Around 2.5 million Britons drink their weekly limit of alcohol in a single day, new data suggests.
Figures from the Office for National Statistics (ONS) show that almost one in 10 drinkers (9%) - or 2.5 million people - consume more than 14 units in a single session, with younger groups most likely to binge drink.
New NHS drinking guidelines published in January said men and women should stick to 14 units of alcohol per week.
The UK's chief medical officers said no level of regular drinking is without risk to health and people should have several booze-free days a week but not "save up" their 14 units for a binge.
When drinking on a single occasion, they said people should drink more slowly, consume alcohol with food, and alternate alcoholic drinks with water.
The new ONS data shows that 58% of people (28.9 million) drink some alcohol in a typical week, according to the 2014 drinking survey just published.
This proportion is down from 64% in 2005 but the drop has been less sharp for middle-aged Britons.
Young people were less likely to have drunk alcohol in the previous week than those who were older, with fewer than half of 16 to 24-year-olds saying they did so, compared with 66% of 45 to 64-year-olds.
Among the younger group, the proportion drinking every week has fallen from 60% in 2005, but middle-aged drinking every week has only fallen a few percentage points, from 69% in 2005.
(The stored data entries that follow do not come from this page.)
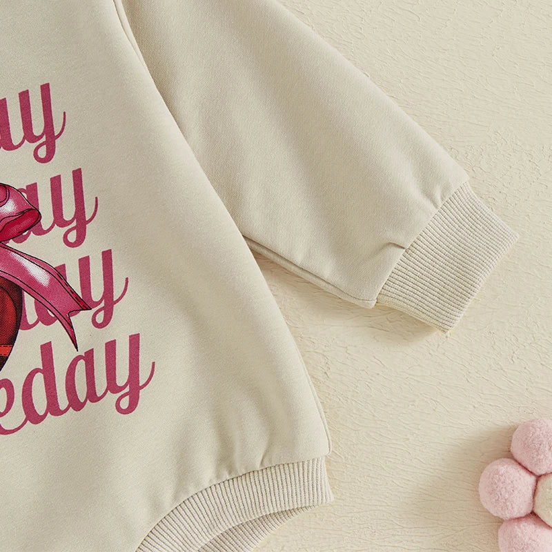 Baby Girls 2Pcs Gameday Football Letter Bow Print Long Sleeve Bubble Romper Headband Outfit Set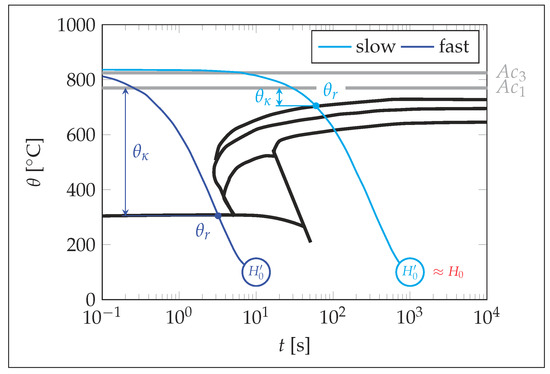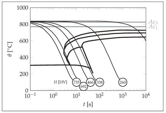 During heating, the microstructure of carbon steels starts to change to austenite by diffusion processes, if the temperature is greater than and which finish at . Both, and , depend on the rate of heating, which is documented in time-temperature-austenitization (TTA) diagrams as found in [10]. During cooling, the reverse transformation deviates from this and primarly depends on the cooling rate, which is documented in continuous cooling transformation (CCT) diagrams as depicted in Figure 1. Further information in the CCT include the microstructural composition as well as the hardness H, typically in Vickers hardness (HV),which occur at different cooling paths.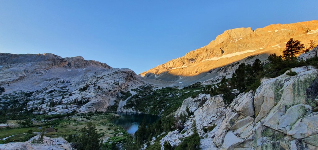 I walked around Evolution Lake before dropping over the end of the valley into McGee Canyon. After about an hour and a half of fairly steep descent, I arrived at camp. A nice sheltered spot near the river and a meadow with good views of Mt Mendel, Mt Darwin and The Hermit as the sunset painted them in golden orange light.

The data showed that 17% of 16 to 24-year-olds drink more than 14 units in a day, while 11% of 25 to 44-year-olds do the same.
Wales had the highest number, drinking 14 units or more in a single day (14%), followed by Scotland (13%).
Of all those who had drunk alcohol in the previous week, 45% (12.9 million people) consumed more than 4.67 units - a third of the new weekly guideline - on their heaviest drinking day.
The highest percentages who had drunk alcohol in the previous week were in the South East (62%) and the South West (62%).
Men were more likely to have drunk alcohol than women, and were more likely to binge drink than women.